February 13, 2018
Nothing inspires me to connect deeply with what’s going on around me, to appreciate it, to pay attention to it, to be at peace with it, quite like the realization that my life is happening right now and that it won’t last forever. It’s strange that this ever needs to be a realization. Who am I to think that I would live forever? But a realization (sometimes a sudden one) is exactly what it feels like every time it becomes clear. Often, it’s accompanied by a feeling of stepping out of a trance, a feeling of waking up and suddenly being immersed in my own life again. The brevity of life is so obvious a fact that I feel like it shouldn’t be so elusive. But the truth is, if I’m not consciously reminding myself of this fact, I lose touch with it extremely quickly.
You might wonder why I care about losing touch with the fact that I am going to die. Isn’t reflecting on it unnecessarily morbid and depressing? The reason is that, in my experience, being in touch with this fact has the uncanny ability to cause me to make the most out of my time instead of reacting habitually to my surroundings. When I say “make the most out of my time” I’m not talking about efficiency, success, or better reaching my goals. I’m talking about all of the things that are left when my goals aren’t in the way. All of the things that we consider to be deeply important to us that transcend all the goals that relate back to our life circumstances and who we want to be.
I’m sure we’ve all reflected on what we would do if we had one day, week, month, or year to live. If you’re like me, you’ve found that very little of what you truly want out of your life involves success in the conventional sense. It’s much more likely to involve connection with nature, relationships with loved ones, and deep personal experiences, states that are actually available to us in everyday life but are often uncharted territories due to concerns that are thought to be more immediate. I believe this sense of immediacy is an illusion. I think that deep down, we all have a sense for the states of experience that we ultimately want out of life and there are different levels at which we can connect with those states, but our lack of enthusiasm to face the truth of our limited time holds us back from engaging with our lives more deeply. I also think that by practicing a deeper level of connection with the truth of our lives we can genuinely transform our experiences for the better.
Many of the things that cause me hardship in life are rooted in the feelings that I have towards death and impermanence. When I experience loss of any kind, it triggers the same feelings of insecurity that underlie my relationship to death. I recently became aware of this, and it caused a huge shift in the way I’ve been relating to things that are out of my control. I’m starting to frame these things as a safe training ground for the more fundamental and ultimate things that are out of my control, namely aging and mortality. This accomplishes two things for me. Firstly, it gives context for why experiencing loss, even trivial loss like having a few bad days in a row, can affect me. It frames those negative experiences and makes me feel like the pain associated with them is understandable and natural. Secondly, it allows me to practice acceptance of uncontrollability in daily life situations in a way that gives me confidence for the less trivial situations that I will inevitably face.

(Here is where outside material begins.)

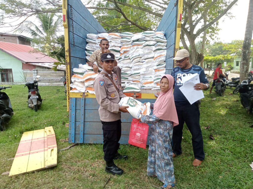 LHOKSEUMAWE – Personel Subsektor Banda Baro melakukan pengawalan penyaluran bantuan Beras Pangan (BP) Cadangan Beras Pemerintah (CBP) Tahap I tahun 2024 di kantor Camat Banda Baro, Aceh Utara, wilayah hukum Polres Lhokseumawe, Selasa (6/2/2024).

Another reason that I feel so passionately about this subject is that I feel like it has the potential to be universally empowering. Bringing it to each other’s attention, not ubiquitously but not sparsely either, allows us to share the wisdom of this reflection that spiritual traditions have been pointing to for a long time while still having enough room for each person to interpret the implications for themselves. The question of how to be with life, given that it will end, is both deeply personal and profoundly universal. It aligns my thoughts, feelings, and actions with my intentions in a nearly effortless way, and I think that this process is the center of the bulls-eye when it comes to spirituality. When my thoughts, feelings, and actions are coming from this place they feel exceptionally genuine. With this feeling of genuine connection comes a deep sense of rest, a sense that I’m allowed to just enjoy what is happening without needing to make it any different.
I’d like to share three pieces of audio that I’ve been inspired by on this topic. The first is a piece called “New Beginnings” by This American Life, which is essentially the story of a man sharing his experience of living six months of his life as if they were his last. The second is the Waking Up Podcast episode “Lessons From Death”, where Sam Harris speaks to Frank Ostaseski, a long time Buddhist and end-of-life care practitioner who has numerous deep insights on the topic. The third is a talk given by Joseph Goldstein during a meditation retreat where he discusses what it really means to live as if you were dying, and I embedded the audio file below. These are ordered in terms of popularity, and ordered backwards in terms of how meaningful they have been to me personally. Thanks for reading and I hope you’ll have a chance to listen to whichever of them interest you.